Action item>
Please copy every record below exactly, leaving out the pictures.
---
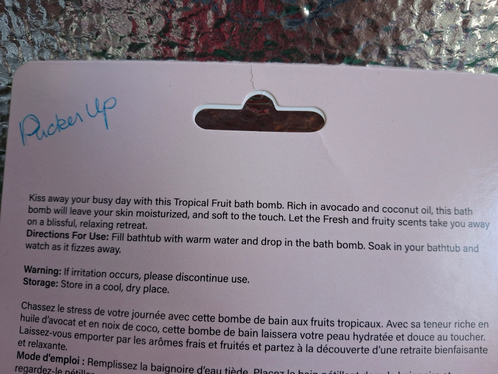 84Treat yourself to a relaxing bath with this X+Y=BEAUTY Pucker Up bath fizzy! This tropical fruit bath bomb is rich in avocado and coconut oil, leaving your skin moisturized and soft to the touch. Enjoy the fresh and fruity scents as it fizzes away in warm water
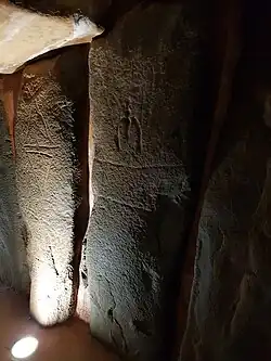 On the surface it resembles a circle-like mound with a diameter of 75 metres (246 ft).[5] It has a V-shaped passage 20.9 metres (69 ft) long[5] starting at the 0.8 metres (2 ft 7 in) wide,1.55 metres (5 ft 1 in) high western entrance, which expands to 3.1 metres (10 ft) wide and 3.9 metres (13 ft) high in the east.[1] In the eastern end of the passage there is a chamber. During the equinox, the first sun lights the interior of the passage and the chamber for some minutes, and it is assumed this was to denote an eventual re-birth of the buried.[2] Several of the standing-stones have engravings, and it is viewed as one of the largest dolmens in Spain.[4] The passage has 31 standing-stones in the northern part of the passage and 33 in the southern part.[1] The standing stones are of quartzite, sandstone, and limestone and carry 20 capstones that make the roof of the passage.[1]
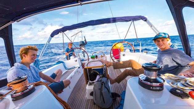 A ‘dads and lads’ crew on Wanderlust. To avoid conflict or confusion they created a boat handbook for the passage. Photo: WCC/James Mitchell
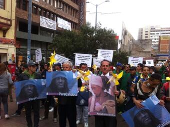 Más de 300 personas, entre habitantes de la calle y estudiantes, marchan por la Carrera Séptima.
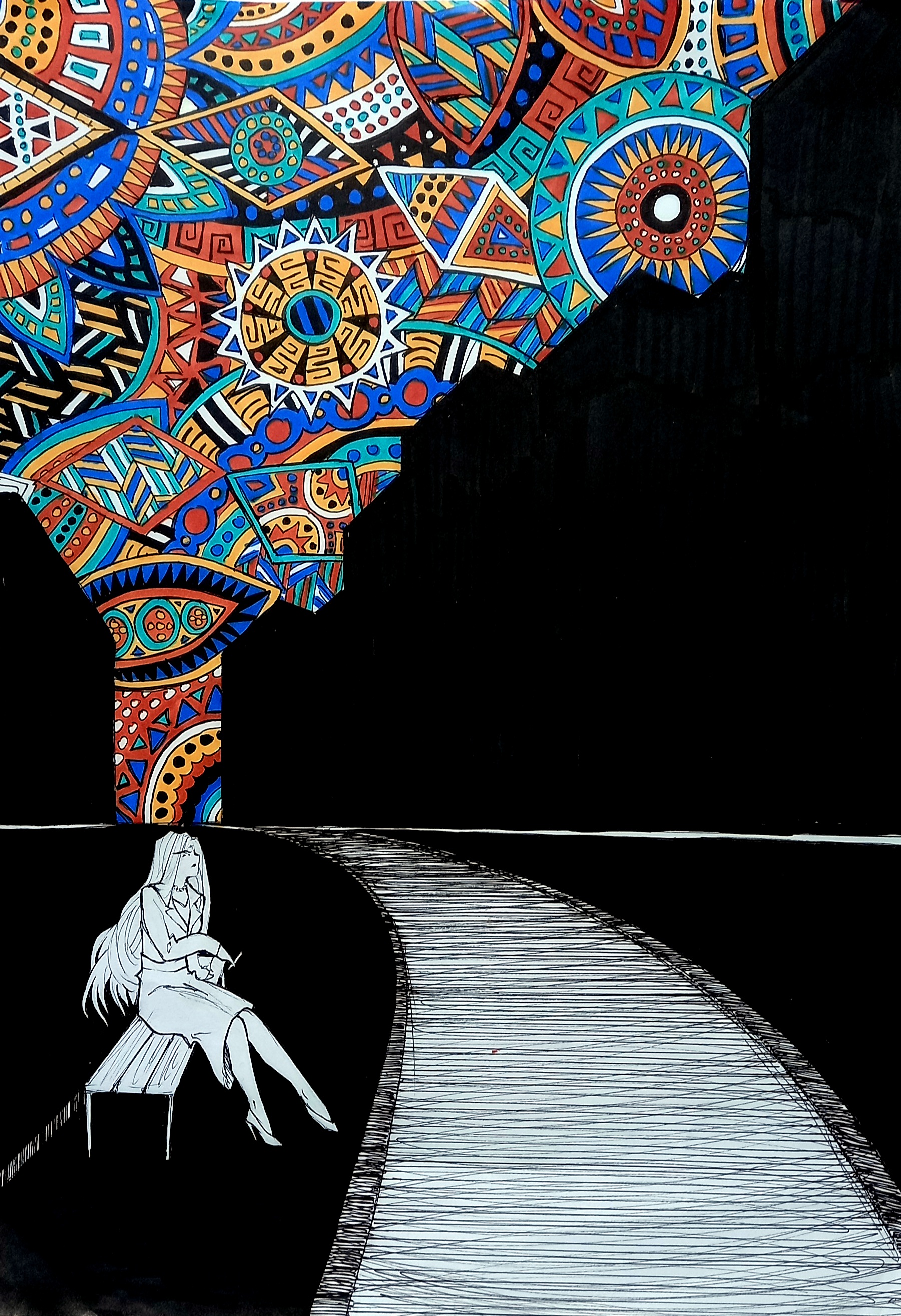 Je passe beaucoup de temps à dessiner, que ce soit en traditionnel sur du papier la plupart du temps ou parfois en digital sur tablette graphique.
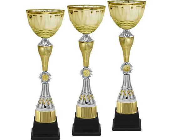 Кубок, серия кубков традиционной формы с элегантными чашами из металла и изысканными стемами из пластика. Металлическая эмблема 25 мм в комплекте.
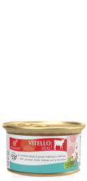 Skład: mięso i podroby (100% cielęcina), minerały, dekstroza, mąka łubinowa, olej słonecznikowy. DODATKI NA KG. Dodatki dietetyczne: 3a672a / witamina A 1220 j.m., 3a671/ witamina D3 150 j.m., 3a700 / witamina E 11 mg, 3c440/L-tryptofan wytwarzany w drodze fermentacji z E. coli KCCM 11132P 31,57 mg, tauryna 490 mg, 3b405 (miedź 1,2 mg ). Dodatki organoleptyczne: wyciąg z liści melisy lekarskiej 18,96 mg, wyciąg z korzenia kozłka lekarskiego 15,79 mg, nalewka z zingiber officinale 12,0 mg. Wilgotność: 81%.
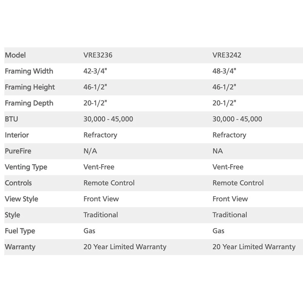 Superior 42-Inch Electronic Ignition Vent-Free Outdoor Gas Fireplace with Remote (VRE3242) provides a premium outdoor fireplace option for your home. This vent-free fireplace unit offers easy installation and requires no special chimney. With its detailed ceramic fiber logs, this unit offers a realistic appearance, while the battery-operated ignition and wireless remote control offer added convenience. Heavy-duty stainless steel construction makes this unit strong enough for outdoor use, and optional accessories (sold separately) allow for versatile installation options.
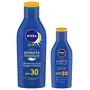 NIVEA Sun Lotion SPF 30 with UVA & UVB Protection Water Resistant Sunscreen for Men & Women 125 mlNivea sun is world's no.1 sun care. It provides immediate protection against harmful uva and uvb rays. Its pa++ and advanced collagen protect formula protects the skin's collagen to help prevent wrinkles caused by frequent sun exposure.with its light non-sticky and water resistant formula Nivea sun is the most effective way to protect your skin from the sun.NIVEA Sun Lotion SPF 30 with UVA & UVB Protection Water Resistant Sunscreen for Men & Women 75 mlNivea sun protect & moisture lotionâs immediate absorption formula provides advanced collagen protection that prevents wrinkles. It restores the skinâs moisture lost due to sun exposure. Nivea sun protect & moisture lotion is non-oily non-greasy and water resistant. Also available in spf 50. Compatibility dermatologically proven.
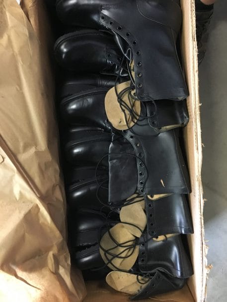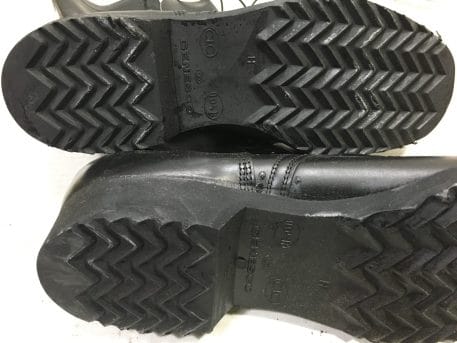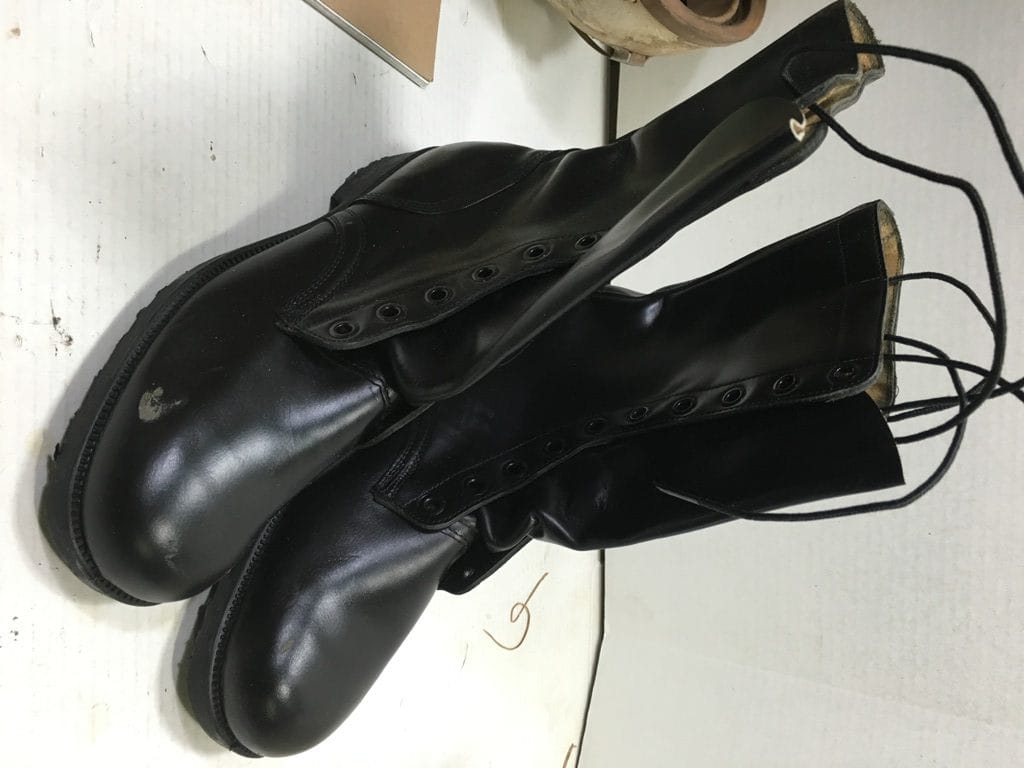 New, old stock with some shelf wear/scuffs from box from over the years storage. This type is similar to the late 1960’s and early 1970’s Chevron sole boots, except it has the notched leather about halfway up the lacing. Sizes include N “Narrow” R ” Regular” W ” Wide” and XW ” extra Wide” in width of the boots.
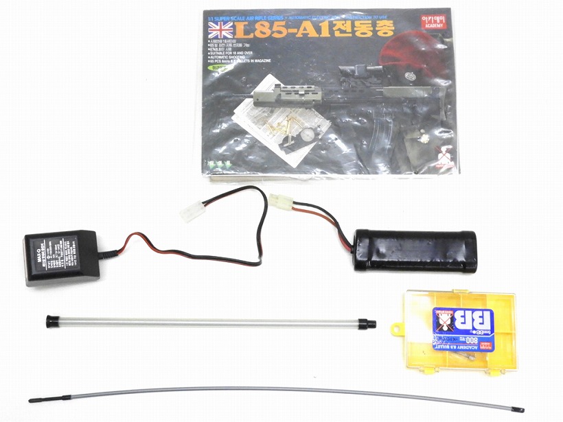 [アカデミー] L85A1 フルセット 欠品あり (訳あり) 製品詳細画像2 付属品。説明書、バッテリー、専用充電器、交換用ヒューズ、ダットサイトが付属
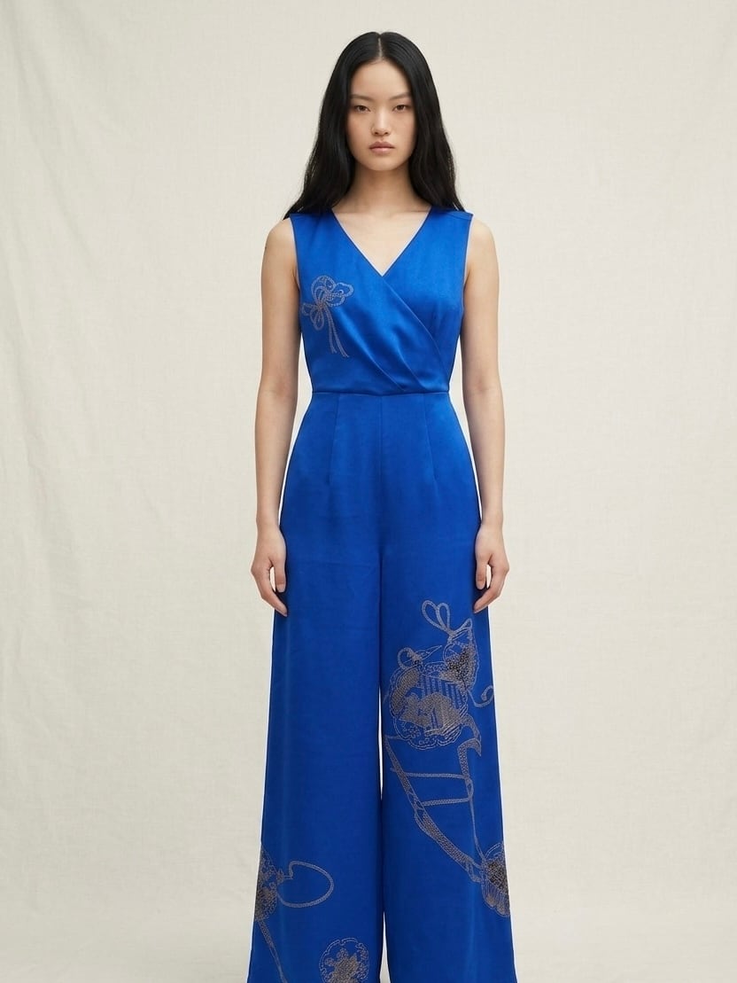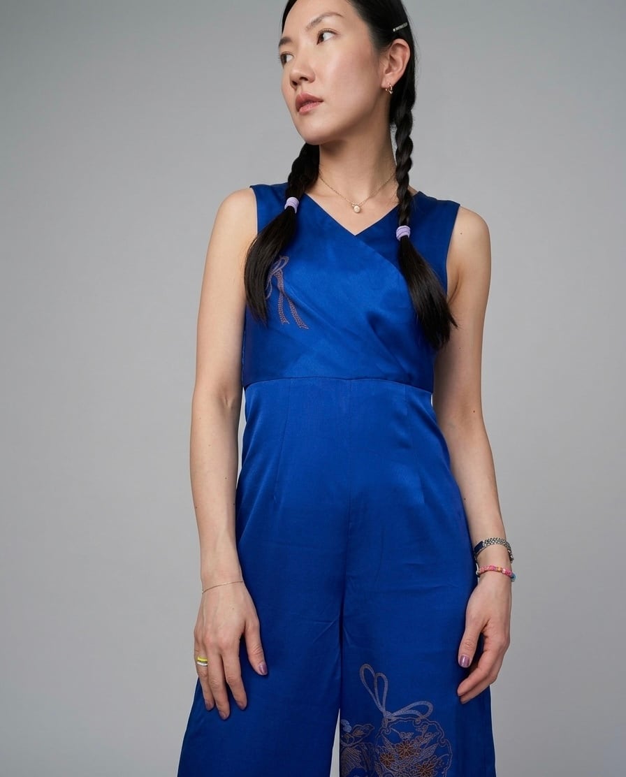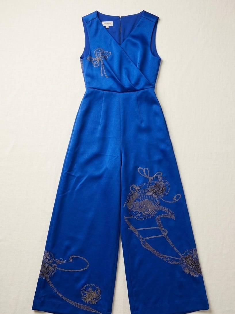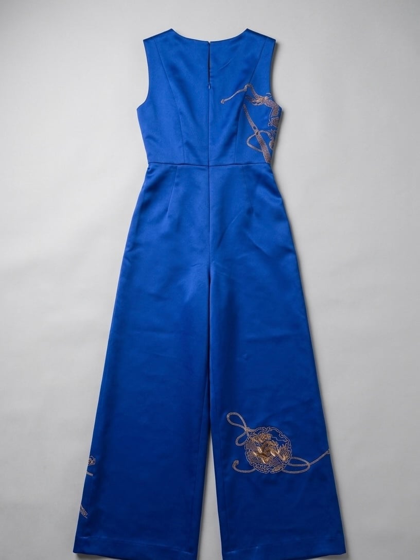 kimono remake, jumpsuit, wide leg pants, royal blue, gold embroidery, silk, one of a kind, upcycled kimono, sustainable fashion, Japanese textile, modern kimono, handmade, Tokyo, auspicious pattern, all-in-one,
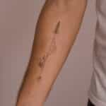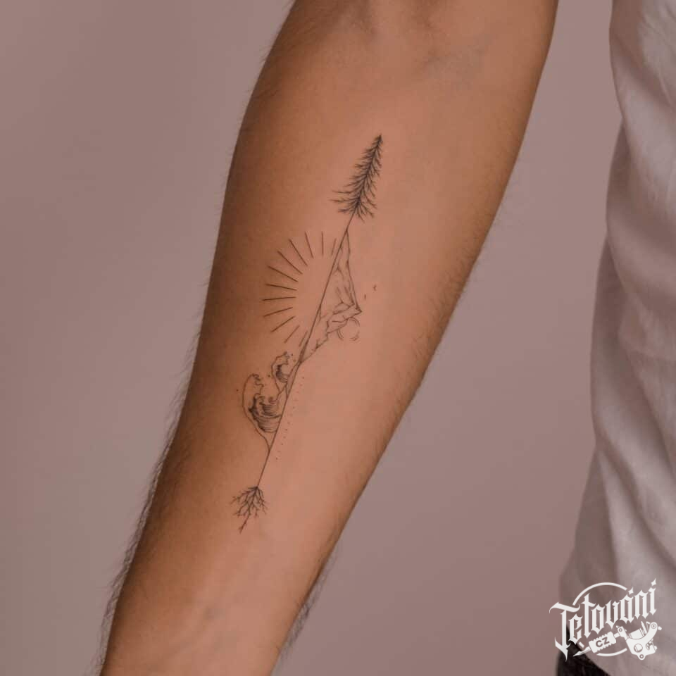 Tetování příroda, hory, moře, Slunce, strom na předloktí
---
Written answer>
 84Treat yourself to a relaxing bath with this X+Y=BEAUTY Pucker Up bath fizzy! This tropical fruit bath bomb is rich in avocado and coconut oil, leaving your skin moisturized and soft to the touch. Enjoy the fresh and fruity scents as it fizzes away in warm water
 On the surface it resembles a circle-like mound with a diameter of 75 metres (246 ft).[5] It has a V-shaped passage 20.9 metres (69 ft) long[5] starting at the 0.8 metres (2 ft 7 in) wide,1.55 metres (5 ft 1 in) high western entrance, which expands to 3.1 metres (10 ft) wide and 3.9 metres (13 ft) high in the east.[1] In the eastern end of the passage there is a chamber. During the equinox, the first sun lights the interior of the passage and the chamber for some minutes, and it is assumed this was to denote an eventual re-birth of the buried.[2] Several of the standing-stones have engravings, and it is viewed as one of the largest dolmens in Spain.[4] The passage has 31 standing-stones in the northern part of the passage and 33 in the southern part.[1] The standing stones are of quartzite, sandstone, and limestone and carry 20 capstones that make the roof of the passage.[1]
 A ‘dads and lads’ crew on Wanderlust. To avoid conflict or confusion they created a boat handbook for the passage. Photo: WCC/James Mitchell
 Más de 300 personas, entre habitantes de la calle y estudiantes, marchan por la Carrera Séptima.
 Je passe beaucoup de temps à dessiner, que ce soit en traditionnel sur du papier la plupart du temps ou parfois en digital sur tablette graphique.
 Кубок, серия кубков традиционной формы с элегантными чашами из металла и изысканными стемами из пластика. Металлическая эмблема 25 мм в комплекте.
 Skład: mięso i podroby (100% cielęcina), minerały, dekstroza, mąka łubinowa, olej słonecznikowy. DODATKI NA KG. Dodatki dietetyczne: 3a672a / witamina A 1220 j.m., 3a671/ witamina D3 150 j.m., 3a700 / witamina E 11 mg, 3c440/L-tryptofan wytwarzany w drodze fermentacji z E. coli KCCM 11132P 31,57 mg, tauryna 490 mg, 3b405 (miedź 1,2 mg ). Dodatki organoleptyczne: wyciąg z liści melisy lekarskiej 18,96 mg, wyciąg z korzenia kozłka lekarskiego 15,79 mg, nalewka z zingiber officinale 12,0 mg. Wilgotność: 81%.
 Superior 42-Inch Electronic Ignition Vent-Free Outdoor Gas Fireplace with Remote (VRE3242) provides a premium outdoor fireplace option for your home. This vent-free fireplace unit offers easy installation and requires no special chimney. With its detailed ceramic fiber logs, this unit offers a realistic appearance, while the battery-operated ignition and wireless remote control offer added convenience. Heavy-duty stainless steel construction makes this unit strong enough for outdoor use, and optional accessories (sold separately) allow for versatile installation options.
 NIVEA Sun Lotion SPF 30 with UVA & UVB Protection Water Resistant Sunscreen for Men & Women 125 mlNivea sun is world's no.1 sun care. It provides immediate protection against harmful uva and uvb rays. Its pa++ and advanced collagen protect formula protects the skin's collagen to help prevent wrinkles caused by frequent sun exposure.with its light non-sticky and water resistant formula Nivea sun is the most effective way to protect your skin from the sun.NIVEA Sun Lotion SPF 30 with UVA & UVB Protection Water Resistant Sunscreen for Men & Women 75 mlNivea sun protect & moisture lotionâs immediate absorption formula provides advanced collagen protection that prevents wrinkles. It restores the skinâs moisture lost due to sun exposure. Nivea sun protect & moisture lotion is non-oily non-greasy and water resistant. Also available in spf 50. Compatibility dermatologically proven.
 New, old stock with some shelf wear/scuffs from box from over the years storage. This type is similar to the late 1960’s and early 1970’s Chevron sole boots, except it has the notched leather about halfway up the lacing. Sizes include N “Narrow” R ” Regular” W ” Wide” and XW ” extra Wide” in width of the boots.
 [アカデミー] L85A1 フルセット 欠品あり (訳あり) 製品詳細画像2 付属品。説明書、バッテリー、専用充電器、交換用ヒューズ、ダットサイトが付属
 kimono remake, jumpsuit, wide leg pants, royal blue, gold embroidery, silk, one of a kind, upcycled kimono, sustainable fashion, Japanese textile, modern kimono, handmade, Tokyo, auspicious pattern, all-in-one,
 Tetování příroda, hory, moře, Slunce, strom na předloktí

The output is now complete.